What is being asked »
Everything in the records below from the line containing "Положим в чашу" through the line containing "프로그램 자동화 설계법을" is to be reproduced exactly, those two lines included; no picture is to be copied.
-- The data follows --
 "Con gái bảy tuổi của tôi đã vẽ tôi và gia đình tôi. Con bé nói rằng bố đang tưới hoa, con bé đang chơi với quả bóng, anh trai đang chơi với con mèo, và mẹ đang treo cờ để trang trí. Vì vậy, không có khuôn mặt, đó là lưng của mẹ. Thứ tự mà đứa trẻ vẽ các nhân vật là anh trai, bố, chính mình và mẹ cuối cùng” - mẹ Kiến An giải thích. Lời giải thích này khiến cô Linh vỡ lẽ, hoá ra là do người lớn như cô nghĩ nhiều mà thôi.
-- The data concluded --
-- The data follows --
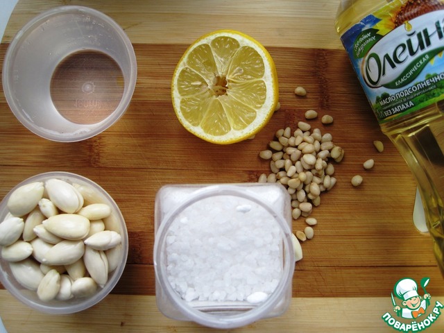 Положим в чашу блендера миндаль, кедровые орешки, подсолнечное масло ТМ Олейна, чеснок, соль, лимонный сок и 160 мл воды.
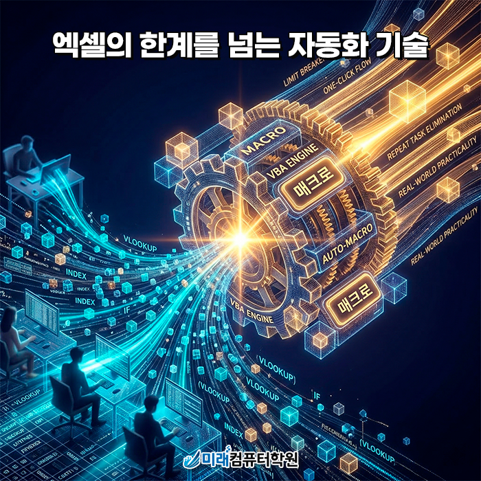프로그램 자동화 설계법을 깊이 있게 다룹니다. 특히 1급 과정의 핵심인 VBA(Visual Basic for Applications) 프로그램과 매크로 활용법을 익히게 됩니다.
-- The data concluded --
Written response »
 Положим в чашу блендера миндаль, кедровые орешки, подсолнечное масло ТМ Олейна, чеснок, соль, лимонный сок и 160 мл воды.
프로그램 자동화 설계법을 깊이 있게 다룹니다. 특히 1급 과정의 핵심인 VBA(Visual Basic for Applications) 프로그램과 매크로 활용법을 익히게 됩니다.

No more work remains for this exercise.